Problem to work on:
Starting from the line in which "An important feature" appears, output every line down to the last line of the data below, exactly and without anything more.

(Saved data entries)

☆ ☆ ☆ ☆ ☆ ☆ ☆

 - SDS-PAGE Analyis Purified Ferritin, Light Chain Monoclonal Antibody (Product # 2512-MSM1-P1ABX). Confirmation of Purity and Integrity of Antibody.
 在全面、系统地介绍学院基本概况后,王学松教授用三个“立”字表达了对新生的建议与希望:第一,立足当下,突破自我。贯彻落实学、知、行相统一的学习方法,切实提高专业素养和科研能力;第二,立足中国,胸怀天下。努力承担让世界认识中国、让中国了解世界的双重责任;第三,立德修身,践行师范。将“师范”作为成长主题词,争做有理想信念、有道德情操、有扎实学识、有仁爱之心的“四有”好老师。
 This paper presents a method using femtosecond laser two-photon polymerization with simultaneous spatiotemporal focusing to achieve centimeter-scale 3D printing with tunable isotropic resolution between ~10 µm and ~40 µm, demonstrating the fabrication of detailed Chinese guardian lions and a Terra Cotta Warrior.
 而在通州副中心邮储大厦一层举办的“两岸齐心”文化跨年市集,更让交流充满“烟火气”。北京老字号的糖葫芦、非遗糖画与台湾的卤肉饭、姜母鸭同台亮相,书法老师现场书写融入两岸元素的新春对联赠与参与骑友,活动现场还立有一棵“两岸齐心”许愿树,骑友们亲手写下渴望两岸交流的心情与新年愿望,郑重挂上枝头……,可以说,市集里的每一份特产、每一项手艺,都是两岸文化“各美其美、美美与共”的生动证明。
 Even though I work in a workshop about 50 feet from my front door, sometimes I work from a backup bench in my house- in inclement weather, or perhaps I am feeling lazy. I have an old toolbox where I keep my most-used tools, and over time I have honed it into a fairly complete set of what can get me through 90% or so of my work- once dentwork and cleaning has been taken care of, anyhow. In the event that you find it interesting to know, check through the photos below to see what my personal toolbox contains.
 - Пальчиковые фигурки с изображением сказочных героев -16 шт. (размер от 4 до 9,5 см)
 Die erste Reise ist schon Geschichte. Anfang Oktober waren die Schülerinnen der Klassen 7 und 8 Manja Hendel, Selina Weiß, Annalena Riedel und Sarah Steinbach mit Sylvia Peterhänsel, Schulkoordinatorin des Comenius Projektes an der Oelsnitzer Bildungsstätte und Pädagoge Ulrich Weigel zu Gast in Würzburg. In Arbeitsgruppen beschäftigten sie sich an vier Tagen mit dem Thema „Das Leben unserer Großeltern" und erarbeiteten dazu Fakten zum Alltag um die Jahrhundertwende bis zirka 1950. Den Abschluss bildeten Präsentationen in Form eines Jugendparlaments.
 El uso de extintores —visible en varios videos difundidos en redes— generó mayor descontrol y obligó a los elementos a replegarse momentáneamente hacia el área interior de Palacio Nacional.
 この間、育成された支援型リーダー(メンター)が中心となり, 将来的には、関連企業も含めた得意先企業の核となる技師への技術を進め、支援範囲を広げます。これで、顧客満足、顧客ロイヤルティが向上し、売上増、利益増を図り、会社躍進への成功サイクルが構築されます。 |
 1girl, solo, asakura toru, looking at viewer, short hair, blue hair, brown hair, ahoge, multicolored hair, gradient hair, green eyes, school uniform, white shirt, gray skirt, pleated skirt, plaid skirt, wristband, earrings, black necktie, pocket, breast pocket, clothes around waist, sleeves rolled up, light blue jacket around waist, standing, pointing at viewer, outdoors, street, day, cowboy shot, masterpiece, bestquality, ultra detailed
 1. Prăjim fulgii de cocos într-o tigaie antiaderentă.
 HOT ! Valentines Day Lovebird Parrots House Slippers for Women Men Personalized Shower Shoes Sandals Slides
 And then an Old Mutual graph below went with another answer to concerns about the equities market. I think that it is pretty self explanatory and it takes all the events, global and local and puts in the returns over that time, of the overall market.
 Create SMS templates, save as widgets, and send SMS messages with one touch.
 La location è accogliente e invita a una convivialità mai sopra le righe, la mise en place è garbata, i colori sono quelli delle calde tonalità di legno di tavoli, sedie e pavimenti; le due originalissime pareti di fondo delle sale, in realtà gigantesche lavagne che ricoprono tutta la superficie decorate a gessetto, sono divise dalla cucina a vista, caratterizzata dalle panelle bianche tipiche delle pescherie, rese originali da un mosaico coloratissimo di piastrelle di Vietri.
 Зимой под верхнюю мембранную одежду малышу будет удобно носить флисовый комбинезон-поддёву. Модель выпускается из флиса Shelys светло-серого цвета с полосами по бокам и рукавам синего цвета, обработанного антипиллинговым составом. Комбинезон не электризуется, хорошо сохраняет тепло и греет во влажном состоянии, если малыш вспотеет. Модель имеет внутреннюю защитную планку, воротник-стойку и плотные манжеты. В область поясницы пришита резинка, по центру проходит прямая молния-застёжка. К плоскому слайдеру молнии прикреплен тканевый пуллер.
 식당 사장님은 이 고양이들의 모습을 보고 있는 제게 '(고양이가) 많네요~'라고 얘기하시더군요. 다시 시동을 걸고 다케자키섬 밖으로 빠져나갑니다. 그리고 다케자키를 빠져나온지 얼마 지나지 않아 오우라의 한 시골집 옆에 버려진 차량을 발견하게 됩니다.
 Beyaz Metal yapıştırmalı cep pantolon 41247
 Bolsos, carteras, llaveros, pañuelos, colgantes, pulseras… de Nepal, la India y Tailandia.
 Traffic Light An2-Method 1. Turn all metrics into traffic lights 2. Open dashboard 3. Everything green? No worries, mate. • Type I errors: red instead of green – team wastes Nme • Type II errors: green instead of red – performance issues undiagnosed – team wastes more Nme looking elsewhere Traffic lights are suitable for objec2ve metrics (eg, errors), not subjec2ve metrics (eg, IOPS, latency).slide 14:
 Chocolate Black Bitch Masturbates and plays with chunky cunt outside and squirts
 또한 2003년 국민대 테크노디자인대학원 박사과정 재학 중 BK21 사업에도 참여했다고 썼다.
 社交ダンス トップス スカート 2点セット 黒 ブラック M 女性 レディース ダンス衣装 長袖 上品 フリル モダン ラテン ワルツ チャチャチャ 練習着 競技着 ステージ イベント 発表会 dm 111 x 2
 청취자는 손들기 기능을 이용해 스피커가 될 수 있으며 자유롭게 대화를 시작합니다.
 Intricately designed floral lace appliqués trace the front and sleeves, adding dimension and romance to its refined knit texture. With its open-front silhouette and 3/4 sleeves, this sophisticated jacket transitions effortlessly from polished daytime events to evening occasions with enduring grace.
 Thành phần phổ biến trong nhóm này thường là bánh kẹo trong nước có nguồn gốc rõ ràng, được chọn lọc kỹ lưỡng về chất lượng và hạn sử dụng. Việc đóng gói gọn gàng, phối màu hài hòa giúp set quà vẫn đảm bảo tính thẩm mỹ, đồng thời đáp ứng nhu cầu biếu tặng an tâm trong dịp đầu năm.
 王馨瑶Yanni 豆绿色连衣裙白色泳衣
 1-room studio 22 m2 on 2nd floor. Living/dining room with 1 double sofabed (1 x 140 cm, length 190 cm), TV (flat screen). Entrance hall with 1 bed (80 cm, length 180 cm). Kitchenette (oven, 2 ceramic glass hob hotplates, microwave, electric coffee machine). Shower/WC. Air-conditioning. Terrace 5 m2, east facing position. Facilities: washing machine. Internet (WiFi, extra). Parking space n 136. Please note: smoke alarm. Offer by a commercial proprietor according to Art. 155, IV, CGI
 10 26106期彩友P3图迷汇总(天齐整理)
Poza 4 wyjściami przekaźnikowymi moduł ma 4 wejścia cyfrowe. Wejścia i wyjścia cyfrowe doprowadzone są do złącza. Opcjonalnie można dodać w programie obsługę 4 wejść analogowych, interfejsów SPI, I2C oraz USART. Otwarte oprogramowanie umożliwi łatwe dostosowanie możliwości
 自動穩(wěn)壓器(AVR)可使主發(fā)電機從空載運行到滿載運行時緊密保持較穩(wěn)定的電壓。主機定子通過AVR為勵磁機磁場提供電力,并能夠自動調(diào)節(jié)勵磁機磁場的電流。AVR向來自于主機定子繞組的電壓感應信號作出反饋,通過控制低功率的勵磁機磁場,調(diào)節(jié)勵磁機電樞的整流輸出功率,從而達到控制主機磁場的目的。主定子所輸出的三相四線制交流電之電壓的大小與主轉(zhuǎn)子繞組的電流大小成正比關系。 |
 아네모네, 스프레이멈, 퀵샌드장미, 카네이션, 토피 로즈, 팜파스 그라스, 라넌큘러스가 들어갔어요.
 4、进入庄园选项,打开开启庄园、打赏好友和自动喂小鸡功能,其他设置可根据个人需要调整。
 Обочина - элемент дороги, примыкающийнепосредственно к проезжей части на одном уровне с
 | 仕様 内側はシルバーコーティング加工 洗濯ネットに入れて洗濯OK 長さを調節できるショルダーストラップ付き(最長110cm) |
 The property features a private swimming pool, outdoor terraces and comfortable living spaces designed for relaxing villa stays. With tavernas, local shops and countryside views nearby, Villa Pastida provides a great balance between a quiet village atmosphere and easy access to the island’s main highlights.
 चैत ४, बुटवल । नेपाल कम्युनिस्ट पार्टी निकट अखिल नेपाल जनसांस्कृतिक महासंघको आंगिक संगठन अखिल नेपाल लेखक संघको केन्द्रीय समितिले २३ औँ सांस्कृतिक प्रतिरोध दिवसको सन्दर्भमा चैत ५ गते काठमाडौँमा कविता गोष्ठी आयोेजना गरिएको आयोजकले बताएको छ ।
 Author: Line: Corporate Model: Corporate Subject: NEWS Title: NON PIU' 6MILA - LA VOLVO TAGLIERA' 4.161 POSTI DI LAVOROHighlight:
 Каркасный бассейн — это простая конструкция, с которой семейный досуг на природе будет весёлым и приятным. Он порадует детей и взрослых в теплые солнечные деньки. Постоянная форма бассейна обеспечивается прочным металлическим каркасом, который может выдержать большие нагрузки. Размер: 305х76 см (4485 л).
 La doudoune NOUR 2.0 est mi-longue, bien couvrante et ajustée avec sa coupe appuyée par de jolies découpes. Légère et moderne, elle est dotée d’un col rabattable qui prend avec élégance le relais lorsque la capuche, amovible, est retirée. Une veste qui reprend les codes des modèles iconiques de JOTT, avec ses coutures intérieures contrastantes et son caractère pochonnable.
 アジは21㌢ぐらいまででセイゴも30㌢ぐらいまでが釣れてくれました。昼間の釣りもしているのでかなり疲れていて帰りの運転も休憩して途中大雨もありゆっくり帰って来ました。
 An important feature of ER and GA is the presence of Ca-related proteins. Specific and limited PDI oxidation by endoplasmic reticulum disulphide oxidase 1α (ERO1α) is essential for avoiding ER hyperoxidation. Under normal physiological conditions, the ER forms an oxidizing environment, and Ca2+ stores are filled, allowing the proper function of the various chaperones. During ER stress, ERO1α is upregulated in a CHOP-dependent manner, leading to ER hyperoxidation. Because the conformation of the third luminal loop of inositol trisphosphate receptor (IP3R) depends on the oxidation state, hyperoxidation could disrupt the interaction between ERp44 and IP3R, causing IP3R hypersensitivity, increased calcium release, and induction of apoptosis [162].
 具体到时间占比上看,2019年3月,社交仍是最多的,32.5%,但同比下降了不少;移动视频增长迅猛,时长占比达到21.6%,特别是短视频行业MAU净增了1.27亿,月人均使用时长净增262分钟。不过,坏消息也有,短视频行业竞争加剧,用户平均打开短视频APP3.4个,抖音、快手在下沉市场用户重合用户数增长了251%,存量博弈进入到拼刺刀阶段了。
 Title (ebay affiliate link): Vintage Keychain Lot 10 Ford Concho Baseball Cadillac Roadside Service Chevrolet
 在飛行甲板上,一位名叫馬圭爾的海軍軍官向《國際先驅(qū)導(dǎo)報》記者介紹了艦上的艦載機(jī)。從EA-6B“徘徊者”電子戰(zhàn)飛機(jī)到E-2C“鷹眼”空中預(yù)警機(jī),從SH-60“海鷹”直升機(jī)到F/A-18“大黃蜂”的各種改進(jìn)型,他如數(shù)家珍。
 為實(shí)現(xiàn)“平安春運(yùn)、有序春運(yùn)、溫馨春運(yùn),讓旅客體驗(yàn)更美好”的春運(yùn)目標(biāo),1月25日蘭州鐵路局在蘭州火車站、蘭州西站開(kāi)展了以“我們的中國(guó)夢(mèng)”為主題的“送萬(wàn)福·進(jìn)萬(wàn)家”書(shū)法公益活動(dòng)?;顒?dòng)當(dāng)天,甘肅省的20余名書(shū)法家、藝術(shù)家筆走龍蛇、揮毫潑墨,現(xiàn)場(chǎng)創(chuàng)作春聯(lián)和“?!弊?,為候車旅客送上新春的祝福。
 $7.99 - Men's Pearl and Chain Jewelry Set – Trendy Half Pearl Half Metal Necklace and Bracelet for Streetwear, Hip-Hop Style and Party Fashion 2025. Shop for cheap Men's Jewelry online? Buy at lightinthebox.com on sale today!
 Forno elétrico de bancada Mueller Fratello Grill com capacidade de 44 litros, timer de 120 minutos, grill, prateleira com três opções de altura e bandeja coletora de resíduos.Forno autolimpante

☆ ☆ ☆ ☆ ☆ ☆ ☆

Your response:
 An important feature of ER and GA is the presence of Ca-related proteins. Specific and limited PDI oxidation by endoplasmic reticulum disulphide oxidase 1α (ERO1α) is essential for avoiding ER hyperoxidation. Under normal physiological conditions, the ER forms an oxidizing environment, and Ca2+ stores are filled, allowing the proper function of the various chaperones. During ER stress, ERO1α is upregulated in a CHOP-dependent manner, leading to ER hyperoxidation. Because the conformation of the third luminal loop of inositol trisphosphate receptor (IP3R) depends on the oxidation state, hyperoxidation could disrupt the interaction between ERp44 and IP3R, causing IP3R hypersensitivity, increased calcium release, and induction of apoptosis [162].
 具体到时间占比上看,2019年3月,社交仍是最多的,32.5%,但同比下降了不少;移动视频增长迅猛,时长占比达到21.6%,特别是短视频行业MAU净增了1.27亿,月人均使用时长净增262分钟。不过,坏消息也有,短视频行业竞争加剧,用户平均打开短视频APP3.4个,抖音、快手在下沉市场用户重合用户数增长了251%,存量博弈进入到拼刺刀阶段了。
 Title (ebay affiliate link): Vintage Keychain Lot 10 Ford Concho Baseball Cadillac Roadside Service Chevrolet
 在飛行甲板上,一位名叫馬圭爾的海軍軍官向《國際先驅(qū)導(dǎo)報》記者介紹了艦上的艦載機(jī)。從EA-6B“徘徊者”電子戰(zhàn)飛機(jī)到E-2C“鷹眼”空中預(yù)警機(jī),從SH-60“海鷹”直升機(jī)到F/A-18“大黃蜂”的各種改進(jìn)型,他如數(shù)家珍。
 為實(shí)現(xiàn)“平安春運(yùn)、有序春運(yùn)、溫馨春運(yùn),讓旅客體驗(yàn)更美好”的春運(yùn)目標(biāo),1月25日蘭州鐵路局在蘭州火車站、蘭州西站開(kāi)展了以“我們的中國(guó)夢(mèng)”為主題的“送萬(wàn)福·進(jìn)萬(wàn)家”書(shū)法公益活動(dòng)?;顒?dòng)當(dāng)天,甘肅省的20余名書(shū)法家、藝術(shù)家筆走龍蛇、揮毫潑墨,現(xiàn)場(chǎng)創(chuàng)作春聯(lián)和“?!弊?,為候車旅客送上新春的祝福。
 $7.99 - Men's Pearl and Chain Jewelry Set – Trendy Half Pearl Half Metal Necklace and Bracelet for Streetwear, Hip-Hop Style and Party Fashion 2025. Shop for cheap Men's Jewelry online? Buy at lightinthebox.com on sale today!
 Forno elétrico de bancada Mueller Fratello Grill com capacidade de 44 litros, timer de 120 minutos, grill, prateleira com três opções de altura e bandeja coletora de resíduos.Forno autolimpante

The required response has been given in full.